Current Status of State Medicaid Expansion Decisions
Medicaid’s spending has been growing faster than the overall U.S. economy, and the program’s spending is expected to increase on average about 6.8 percent annually from 2015 through 2023, according to the Centers for Medicare & Medicaid Services (CMS). The state Medicaid share and public school education typically comprise the largest expenses of state budgets, and Medicaid’s growing costs continue to be a matter of intense concern during state fiscal deliberations between governors and legislatures. According to CMS, combined federal and state Medicaid spending is estimated to be over $900 billion in 2023 (double from 2013) for expected coverage of over 80 million Americans. Whereas Medicaid was approximately 1 percent of gross domestic product (GDP) in 1985, it could approach 3.4 percent of GDP in 2023.
The federal share for Medicaid – which varies by state based on a formula – ranges from 50 percent to almost 74 percent for 2015. A higher medical assistance percentage is provided to states with lower per capita income. For certain benefits or populations, states may receive federal matching funds at a higher percentage than through the formula calculation.
As provided under the ACA, the federal government will fund 100 percent of the cost for Medicaid expansion beneficiaries in those states that opted for it through 2016; that share will decline gradually to 90 percent by 2020 and beyond.
Medicaid, which is the nation’s largest funder of long-term care services, has historically been heavily programmed toward institutional care for long-term care services. But through changes provided in ACA, states have been given additional flexibility and federal funds to provide services inhome, and through senior centers and other community groups. Additionally, a dozen states are testing models to better integrate and coordinate long-term care services and supports between Medicare and Medicaid for dual eligibles.
The Long-Term Care Partnership Program is a joint state public-private program to incentivize individuals to purchase private long-term care insurance in order to help them pay for long-term care services. Provided for by a 2005 federal law3 that expanded the partnerships beyond limited state pilot programs, the purchase of the coverage was regarded as a benefit to both the policyholder and the public in order to help eliminate, reduce, or delay the need for those individuals to access Medicaid long-term care coverage, which has often been done by a Medicaid “spend-down” where assets have to be spent before Medicaid covers long-term care services.

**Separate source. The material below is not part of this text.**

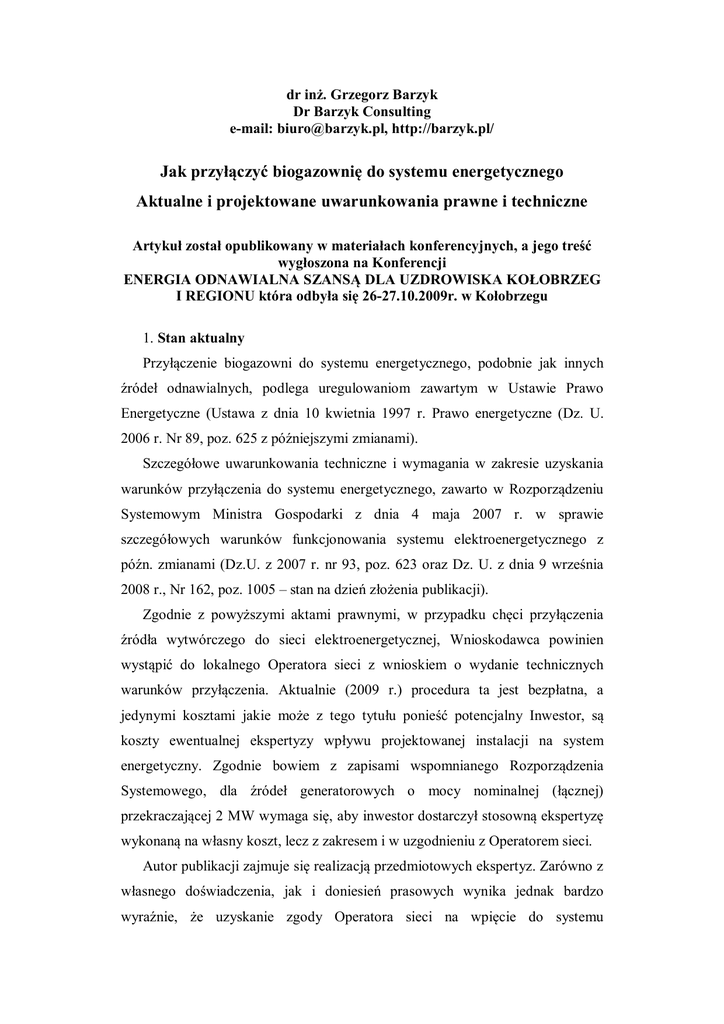 dr inż. Grzegorz Barzyk Dr Barzyk Consulting e-mail: [email protected], http://barzyk.pl/ Jak przyłączyć biogazownię do systemu energetycznego Aktualne i projektowane uwarunkowania prawne i techniczne Artykuł został opublikowany w materiałach konferencyjnych, a jego treść wygłoszona na Konferencji ENERGIA ODNAWIALNA SZANSĄ DLA UZDROWISKA KOŁOBRZEG I REGIONU która odbyła się 26-27.10.2009r. w Kołobrzegu 1. Stan aktualny Przyłączenie biogazowni do systemu energetycznego, podobnie jak innych źródeł odnawialnych, podlega uregulowaniom zawartym w Ustawie Prawo Energetyczne (Ustawa z dnia 10 kwietnia 1997 r. Prawo energetyczne (Dz. U. 2006 r. Nr 89, poz. 625 z późniejszymi zmianami). Szczegółowe uwarunkowania techniczne i wymagania w zakresie uzyskania warunków przyłączenia do systemu energetycznego, zawarto w Rozporządzeniu Systemowym Ministra Gospodarki z dnia 4 maja 2007 r. w sprawie szczegółowych warunków funkcjonowania systemu elektroenergetycznego z późn. zmianami (Dz.U. z 2007 r. nr 93, poz. 623 oraz Dz. U. z dnia 9 września 2008 r., Nr 162, poz. 1005 – stan na dzień złożenia publikacji). Zgodnie z powyższymi aktami prawnymi, w przypadku chęci przyłączenia źródła wytwórczego do sieci elektroenergetycznej, Wnioskodawca powinien wystąpić do lokalnego Operatora sieci z wnioskiem o wydanie technicznych warunków przyłączenia. Aktualnie (2009 r.) procedura ta jest bezpłatna, a jedynymi kosztami jakie może z tego tytułu ponieść potencjalny Inwestor, są koszty ewentualnej ekspertyzy wpływu projektowanej instalacji na system energetyczny. Zgodnie bowiem z zapisami wspomnianego Rozporządzenia Systemowego, dla źródeł generatorowych o mocy nominalnej (łącznej) przekraczającej 2 MW wymaga się, aby inwestor dostarczył stosowną ekspertyzę wykonaną na własny koszt, lecz z zakresem i w uzgodnieniu z Operatorem sieci. Autor publikacji zajmuje się realizacją przedmiotowych ekspertyz. Zarówno z własnego doświadczenia, jak i doniesień prasowych wynika jednak bardzo wyraźnie, że uzyskanie zgody Operatora sieci na wpięcie do systemu energetycznego jest obecnie niezwykle trudne nawet przy pozytywnym wyniku ekspertyzy. Spowodowane jest głównie lawinowo przyrastającym zainteresowaniem zarówno inwestorów, jak i zwykłych „handlarzy”, którzy poprzez rezerwację (i późniejsze zbycie) miejsca w sieci, upatrują sporych korzyści finansowych. Dość przekazać, że wg stanu na dzień 1 października 2009 roku, Operatorzy krajowych systemów dystrybucyjnych oraz przesyłowego, wydali warunki techniczne przyłączenia dla źródeł generatorowych OZE na łączną moc ponad 11000 MW. W tej liczbie znajduje się ok. 2800 MW mocy zainstalowanej źrodeł OZE, planowanych do przyłączenia do sieci średniego napięcia. Jak wynika ze szczegółowych zestawień, aż 99% tych zamierzeń związana jest z realizacją projektów energetyki wiatrowej, które jednak poprzez współdzielenie dostępu do systemu energetycznego istotnie wpływają na możliwość przyłączenia także biogazowni. Według przeprowadzonych analiz, w tym przede wszystkim „Studium wpływu rozwoju energetyki wiatrowej na pracę i rozwój Krajowego Systemu Elektroenergetycznego” opracowanym przez PSE S.A. już w 2003 r., realizacja zgłoszonych planów inwestorskich wymaga istotnych zmian i modernizacji systemu energetycznego. W tabeli 1 przedstawiono wycinek zakresu modernizacji sieci energetycznych Polski północnej, jaki określono w wyżej wymienionym opracowaniu PSE. Nr etapu 1. Wyszczególnienie inwestycji     2.  3.   4.  Modernizacja osprzętu na linii 110 kV Kąty Rybackie – Nowy Dwór Budowa linii 110 kV Resko – Łobez i od stacji Żarnowiec do miejsca wprowadzenie 138 MW z generacji wiatrowej pomiędzy Opalinem, a Wickiem Zmiana przekroju przewodów ze 120 mm2 na 240 mm2 na 9 ciągach linii 110 kV na terenie Enei O/Szczecin i Gorzów oraz Energi O/Koszalin i Słupsk Budowa stacji 220 kV Recław (zmiana napięcia pracy istniejącej linii Morzyczyn – Recław na 220 kV i dodanie transformatora o mocy 250 MW w stacji Recław) Zwiększenie przepustowości połączenia 220 kV Krajnik – Vierraden o 81% Dostawienie nowego transformatora 400/110 kV o mocy 330 MVA w stacji Dunowo Dostawienie nowego transformatora 400/110 kV o mocy 330 MVA w stacji Słupsk Dostawienie nowego transformatora 400/220 kV o mocy 250 MVA w stacji Krajnik Moc źródeł [MW] 3224 3654 3927 4094 5.  6. 5902 Zmiana napięcia połączenia Krajnik – Vierraden z 220 na 400 kV 2  2 Zmiana przekroju przewodów ze 120 mm na 240 mm na 5 ciągach linii 110 kV na terenie Energi O/ Kalisz, PGE ZEB oraz Enei O/Poznań  Budowa linii 400 kV Dunowo-Żydowo-Piła Krzewina-Plewiska (zastępującej ciąg 220 kV), budowa nowych stacji Żydowo i Piła Krzewina 6805 z transformatorami 330 MVA-400/110 kV 7  Wymiana przekładników prądowych na ciągach 400 kV Krajnik – Dunowo 7731 – Żarnowiec, Gdańsk Błonie – Grudziądz, i Gdańsk Błonie–Olsztyn Mątki 8.  Budowa drugiego ciągu linii 400 kV Krajnik Dunowo – Słupsk – Żarnowiec oraz linii 400 kV Piła Kzewina – Bydgoszcz  Zwiększeniem obciążalności linii 400 kV Piła Krzewina – Plewiska do 1200 9482 MVA Tab. 1 Wyszczególnienie etapów inwestycji w system energetyczny odniesione do wartości mocy zainstalowanej w krajowych źródłach wiatrowych Szczegółowy zakres inwestycji i modernizacji systemu energetycznego wymagany ze względu na realizację konkretnego przedsięwzięcia zawsze określany jest we wcześniej wspomnianej ekspertyzie, dla każdego z zamierzeń z osobna. Faktyczny zatem zakres modernizacji sieci dla danego projektu może dotyczyć zupełnie innych zaleceń i obostrzeń. Abstrahując jednak od wybranych projektów można jednoznacznie stwierdzić, że wydane już warunki przyłączenia dla źródeł OZE w sposób diametralny ograniczają zdolności przyłączeniowe istniejącego systemu energetyczneg

The Medicaid program is vital to the health of millions of low-income Americans, including children, adults, seniors, and persons with disabilities. States are given flexibility to tailor their Medicaid programs, within certain parameters, to their own unique needs and circumstances. The ACA has added a considerable expansion of Medicaid eligibility to a broader population, including basic, essential benefits plans for newly eligible adults. The growing cost of the Medicaid program remains an ongoing fiscal challenge for both state and federal governments, even with the federal government funding most of Medicaid expansion populations going forward.
2. As defined in section 1302(a) of the Patient Protection and Affordable Care Act. http://www.gpo.gov/fdsys/pkg/PLAW-111publ148/pdf/PLAW-111publ148.pdf
3. The Deficit Reduction Act of 2005 created the Qualified State Long Term Care Partnership program.